With the help of a $300,000 federal grant, the Greater Baltimore Urban League plans to open a new Entrepreneurial Center in January to help fledgling Baltimore businesses, officials announced Friday.
Baltimore's center will be the 13th in the country, aimed at helping primarily black-owned small businesses increase revenue, create jobs and add wealth in the community, Marc H. Morial, CEO of the National Urban League, said Friday.
"Black-owned businesses are essential to any thriving 21st-century urban community," Morial said. "There is tremendous will, tremendous initiative, tremendous energy out there in the Baltimore small-business community. What we've got to do is open some doors. What we have to do is build some ladders. What we have to do is help these businesses grow because as they grow, West Baltimore will grow, the city of Baltimore will grow."

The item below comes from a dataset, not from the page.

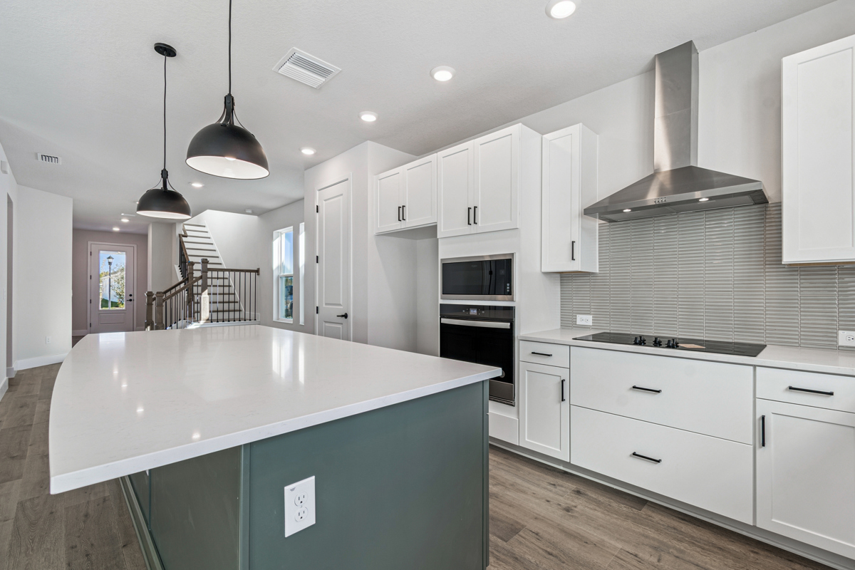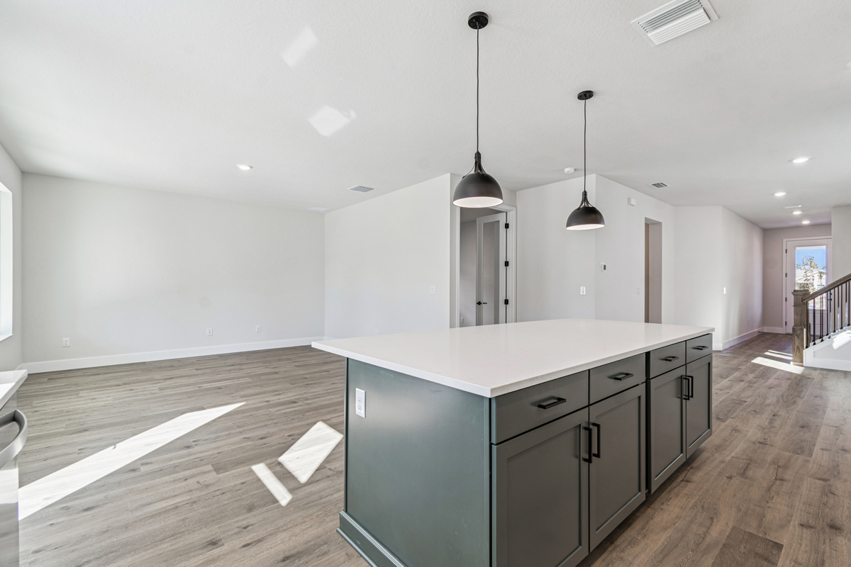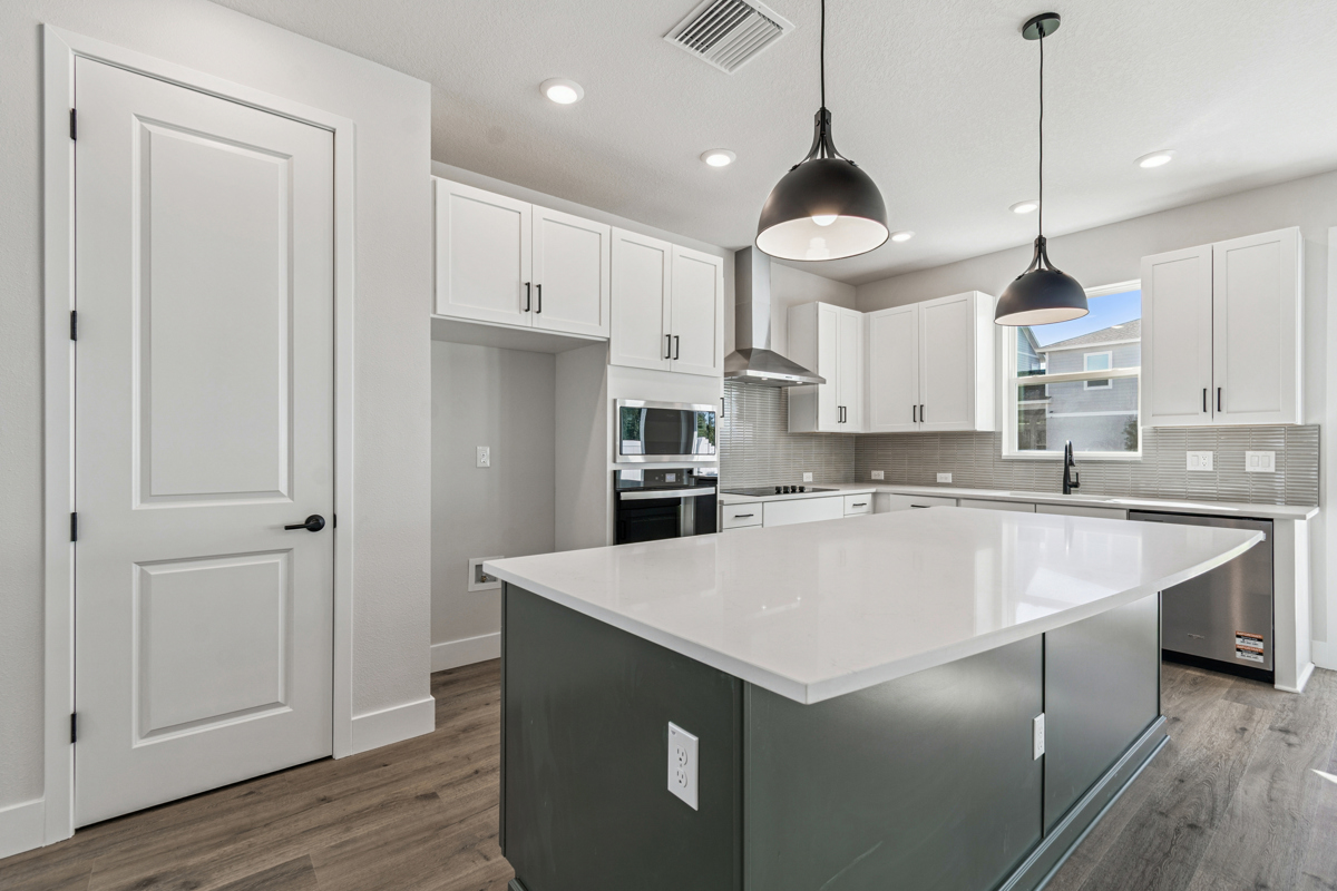 Enjoy a chef-inspired kitchen featuring quartz countertops, sleek cabinetry, and a spacious center island that overlooks a bright, airy living area—perfect for hosting friends and family. Durable laminate flooring flows through the main living spaces, combining style with everyday practicality.

The National Urban League is scheduled to hold its 2016 conference in Baltimore, which the organization estimates will bring $4.2 million in economic impact to the city.
Existing entrepreneurial centers in cities such as Cleveland, New Orleans and Washington each serve about 1,000 small businesses a year and have helped create or save 100 jobs a year, Morial said.
Baltimore's entrepreneurial center will be housed at the Greater Baltimore Urban League's headquarters on Orchard Street in Seton Hill. It will be named for the late Raymond V. Haysbert Sr., who was CEO of the former Parks Sausage Co. and a past chairman of the local Urban League.
Mayor Stephanie Rawlings-Blake said the new center will "offer support for a community that has often been perceived as difficult to reach."
The U.S. Economic Development Administration is providing $300,000 in funding for the center.
U.S. Assistant Secretary of Commerce for Economic Development Jay Williams said such programs are aimed at giving businesses equal opportunities.
"We have allowed for far too long for individuals to be defined by the ZIP codes in which they reside," he said. "In a country that defines itself on individualism and effort, that is something that we don't find acceptable."
The city also has agreed to help try to identify sources of funding for the center but has not committed to any specific dollar amounts, a spokesman for the mayor's office said.
Adrian Harpool, a spokesman for the Greater Baltimore Urban League, said they've already started reaching out to business owners in West Baltimore and across the city to gauge interest and to create a curriculum.